**Work request**
No pictures, please. Output the lines from the start of the data through the line that contains "Feb 2023 – my", both included, exactly as they stand.

**Supplied information**
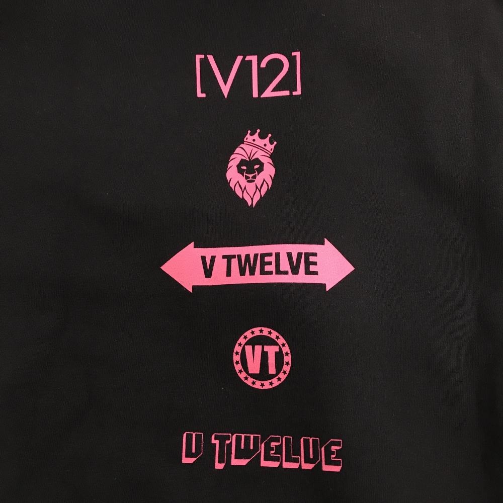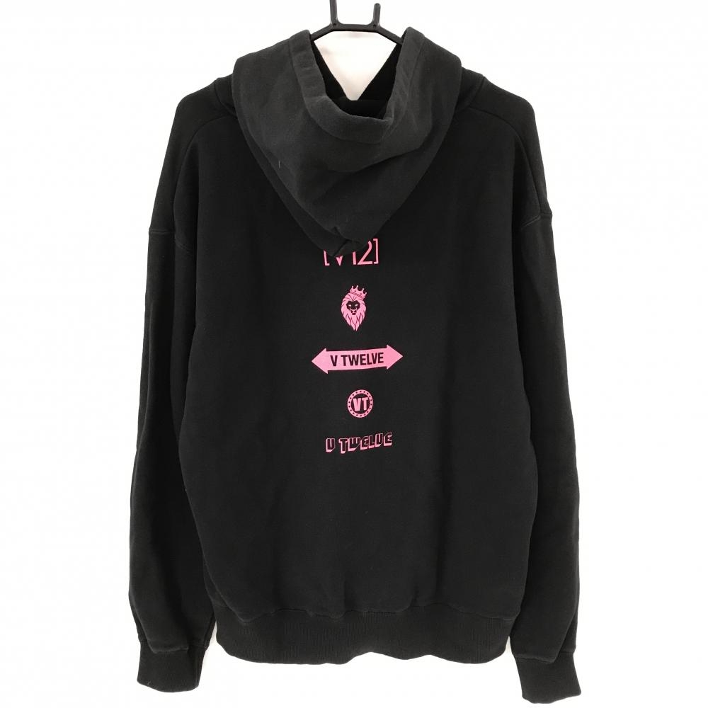 ヴィトゥエルヴ フード付トレーナー 黒 ロゴ蛍光ピンク メンズ XL ゴルフウェア V12
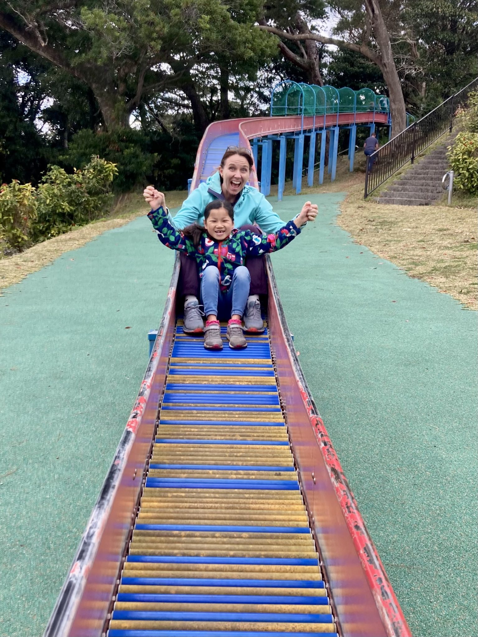 Feb 2023 – my daughter and me sliding down a roller side, which are common here in Japan.
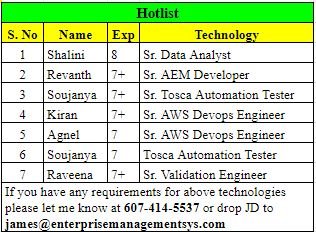 Sonali GzbDecember 15, 2022December 14, 2022Updated Hotlist!!!!!!!!! Please find Updated Hotlist and let me if you have any suitable requirements!!!! Thanks and regards james@enterprisemanagementsys.com 607-414-5537
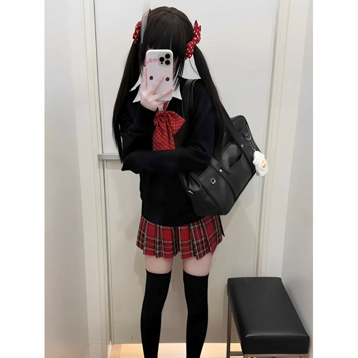 單件39厘米格裙+紅色波點領結
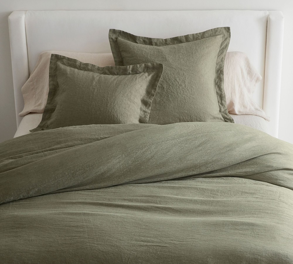Pottery Barn BELGIAN FLAX LINEN DUVET COVER only Size: Full/Queen: 88" l x 92" w Color: Loden ( pale Green ) New Arrivals NOTE: I take pictures to show the design, NOT SIZE! make sure you check the description carefully . Woven from the world’s finest Belgian flax, our linen bedding is prewashed for incredible softness – and only gets better with time. Lightly textured and cool to the touch, this natural-fiber fabric is prized for its durability, breathability, and lived-in look. It's proudly made at a Fair Trade Certified™ factory. Linen woven from 100% Belgian flax. Reverses to same. Duvet features a hidden button closure with inner ties that keep insert in place; sham features an envelope closure. STANDARD 100 by OEKO-TEX® Certified: WSI Certificate #: 14.HUS.42449: tested for 350+ harmful substances to keep you and your family safe from chemicals common to textile manufacturing. Made in a Fair Trade Certified™ factory, supporting fair and safe labor practices and empowering workers to invest in their communities. Workers receive extra funds for every product sold which are used for community projects chosen by workers. Shams sold in sets of 2 or 3. Duvet cover and insert sold separately. Machine wash. Imported. We combine shipping: USA Flat $12.99 shipping Each additional item $2.00 CANADA Flat $28.99 Each additional item $3.00 Worldwide Flat $38.99 Each additional item $5.00 Check out my other items! If you would like to combine shipping, please commit to buy what you would like, but do not pay for the items. Then, go to your cart and request a combined shipping invoice. Once you receive your invoice you can proceed to pay. If you're satisfied with your shopping experience, please leave me feedback promptly for a discount of 50% on shipping for your next purchase!! Subscribe to my store & get ONE time free shipping and updates on new arrivals!
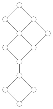 The graph of a finite distributive lattice has an edge between vertices a and b whenever I(a,b) = {a,b}. For every two vertices a and b of this graph, the interval I(a,b) defined in lattice-theoretic terms above consists of the vertices on shortest paths from a to b, and thus coincides with the graph-theoretic intervals defined earlier. For every three lattice elements a, b, and c, m(a,b,c) is the unique intersection of the three intervals I(a,b), I(a,c), and I(b,c).[12] Therefore, the graph of an arbitrary finite distributive lattice is a median graph. Conversely, if a median graph G contains two vertices 0 and 1 such that every other vertex lies on a shortest path between the two (equivalently, m(0,a,1) = a for all a), then we may define a distributive lattice in which a ∧ b = m(a,0,b) and a ∨ b = m(a,1,b), and G will be the graph of this lattice.[13]
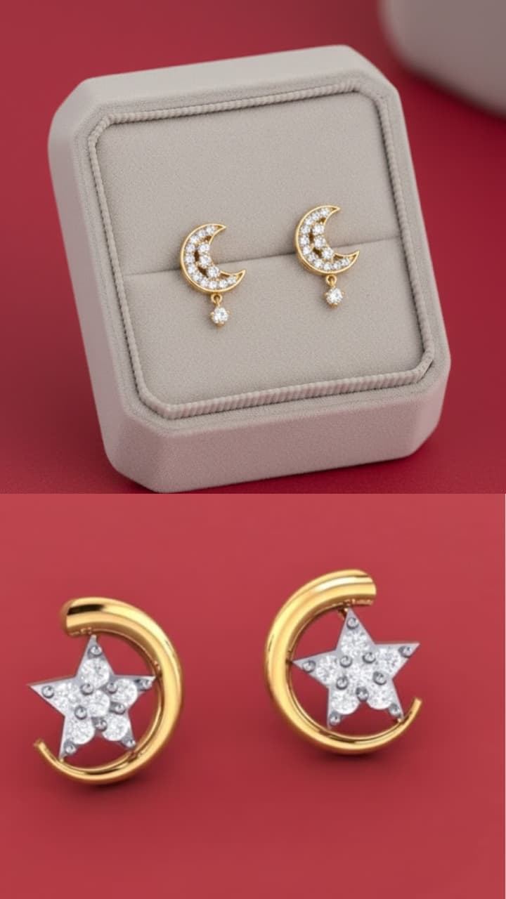The price of gold is sky high. In such a situation, you do not have the budget to buy 4-5 grams of gold. Buy half moon stud earrings in 1 gram of gold, which you and your younger daughter can also wear without any hesitation.
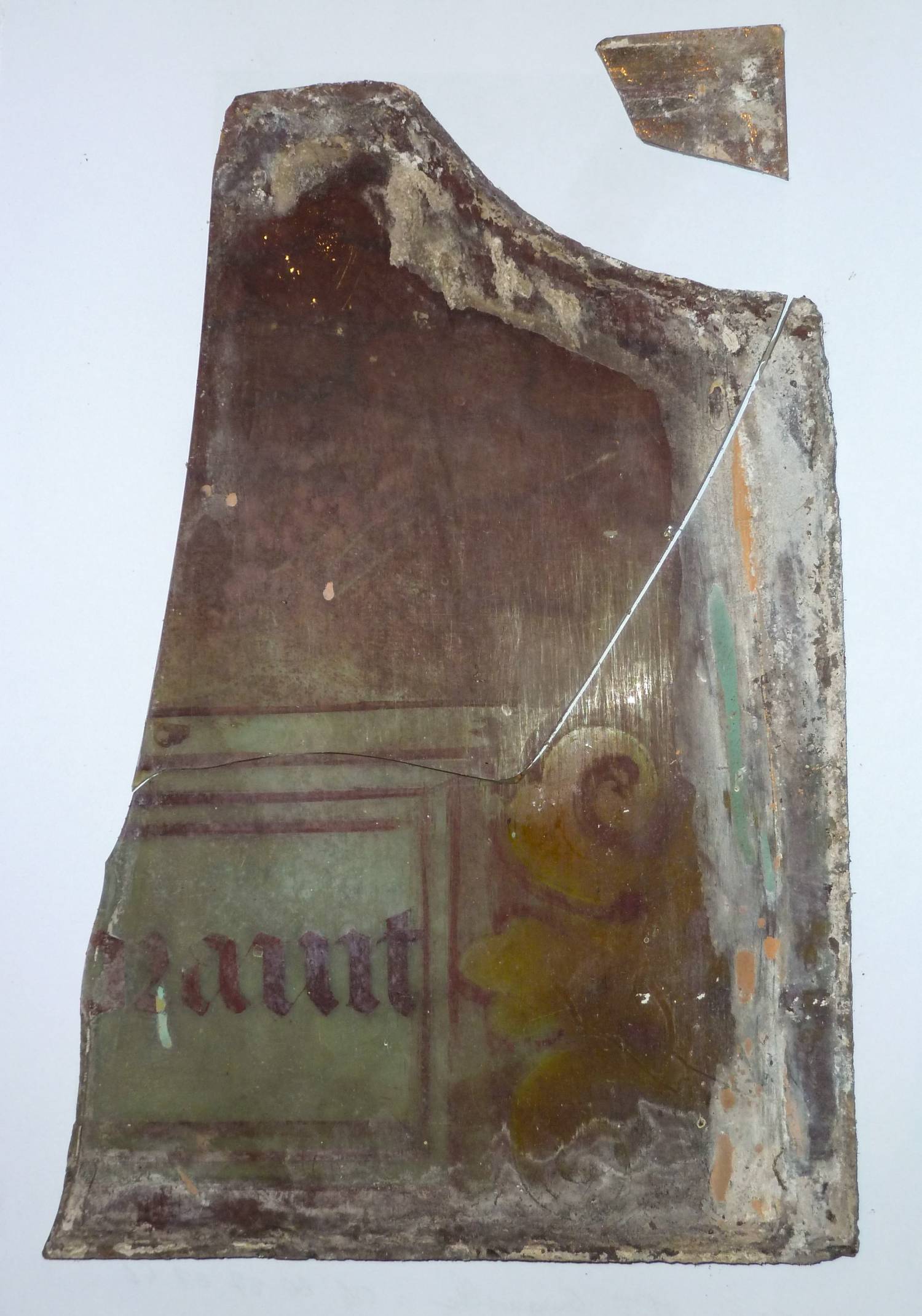à la grisaille et au jaune d’argent et comportant un élément d’inscription a été retrouvée par hasard il y a quelques mois lors du démontage des
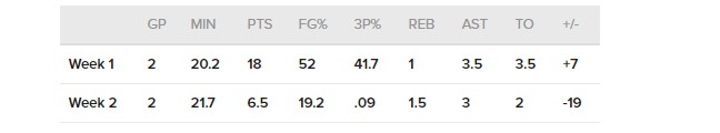 Στα δύο πρώτα ματς που αγωνίστηκε είχε 18 πόντους μέσο όρο σουτάροντας με 41.7% στα τρίποντο. Η δεύτερη εβδομάδα του Τόμας όμως ήταν πολύ κακή με 6.5 πόντους και μόλις 9% πίσω από τη γραμμή των 7.25.
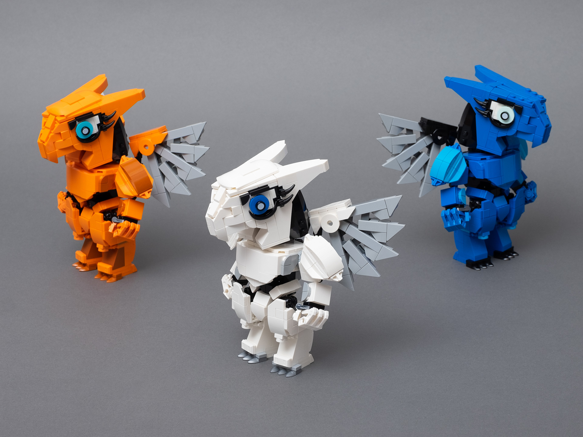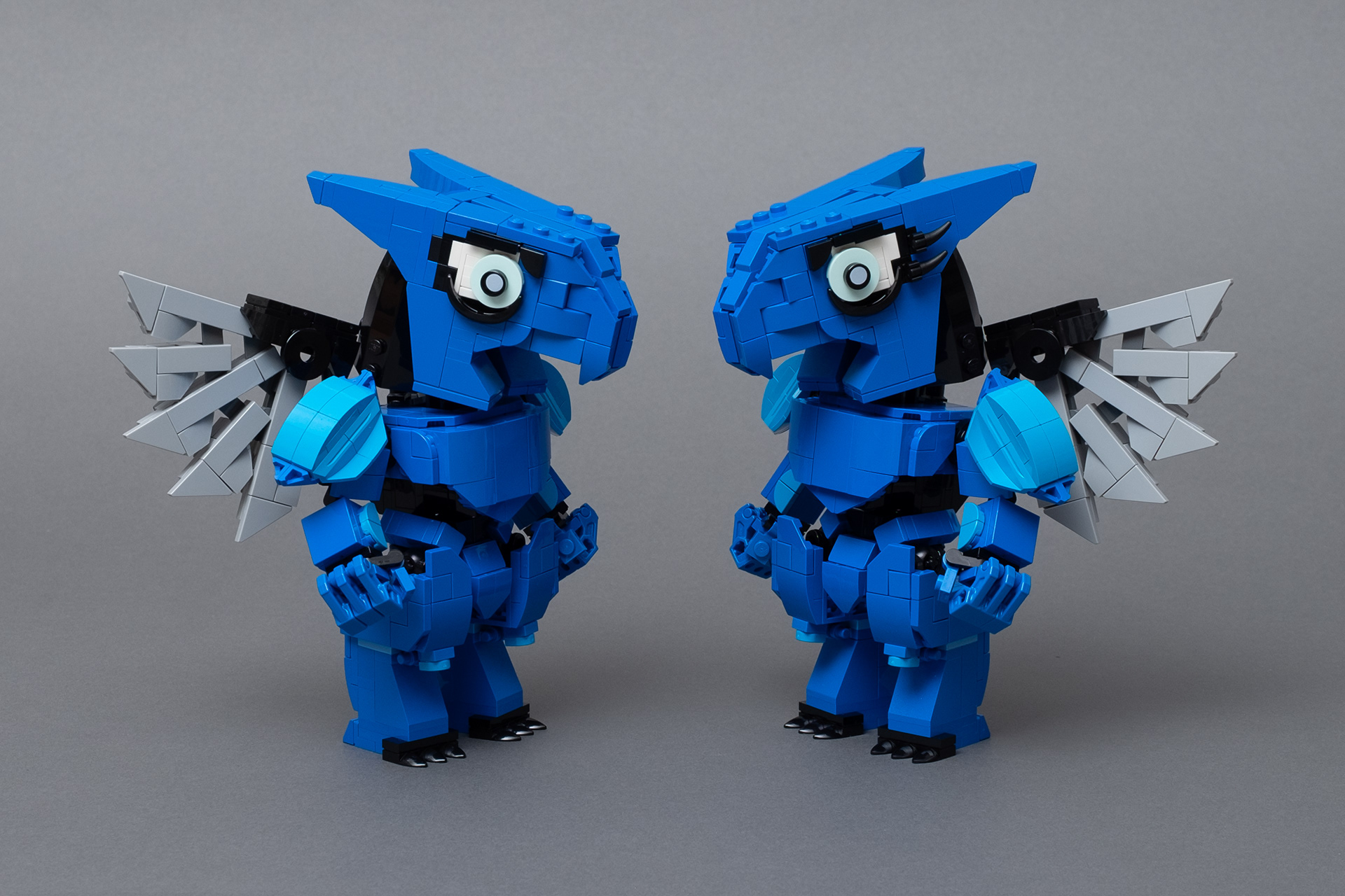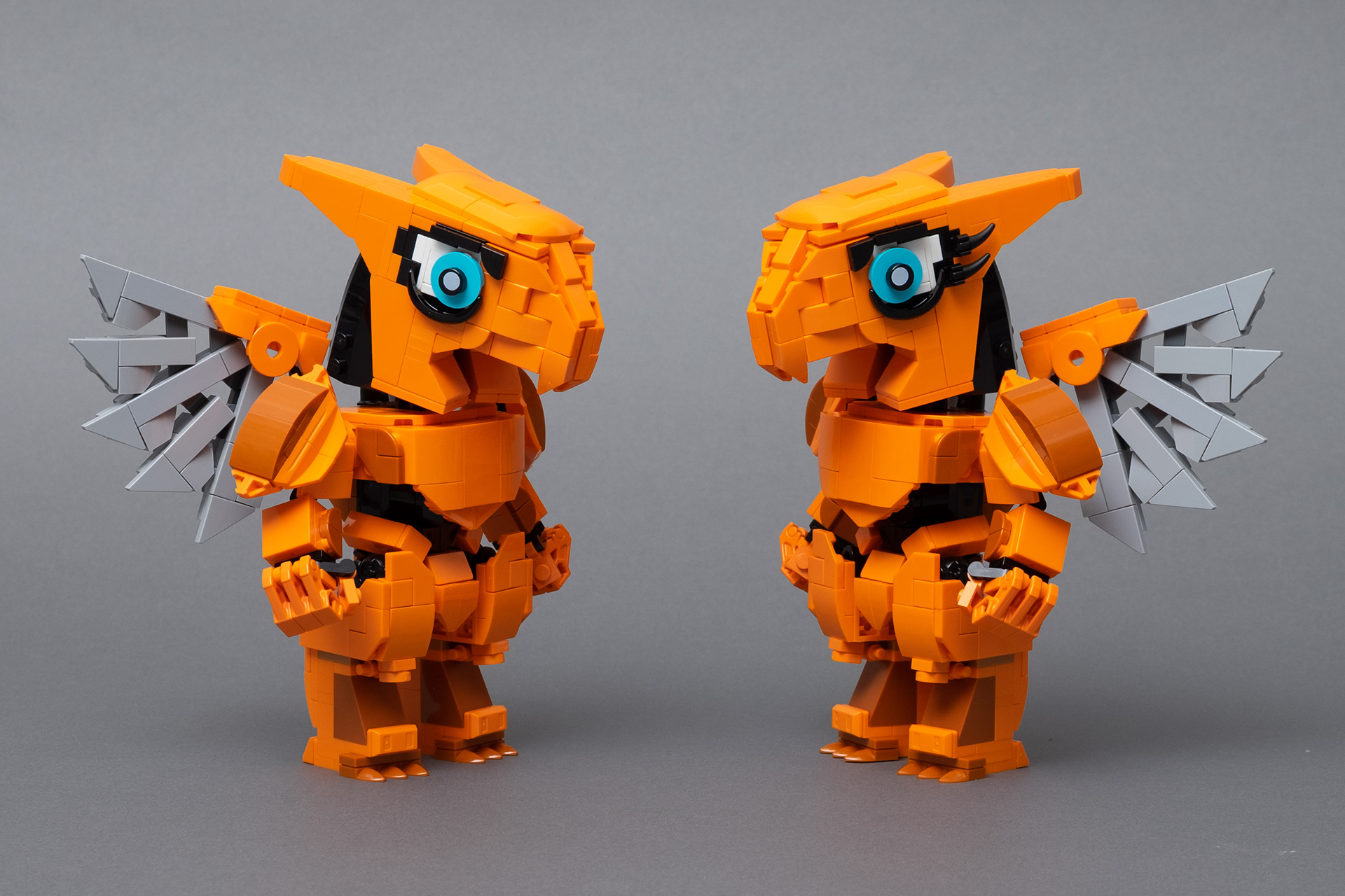 When designing the AORUS Chibi, I wanted to stay close to the original artwork. The head presented a particular challenge as it has a quite specific triangular shape. Those kinds of angles are difficult to rebuild without gaps in LEGO®, as wedge plates only align in certain ways. My goal was to capture the side-profile of the Chibi accurately, with a focus on the shape of the eyes and the beak. At the same time, I aimed to make the model is easy to build and sturdy enough to be played with.

**Your solution**
 ヴィトゥエルヴ フード付トレーナー 黒 ロゴ蛍光ピンク メンズ XL ゴルフウェア V12
 Feb 2023 – my daughter and me sliding down a roller side, which are common here in Japan.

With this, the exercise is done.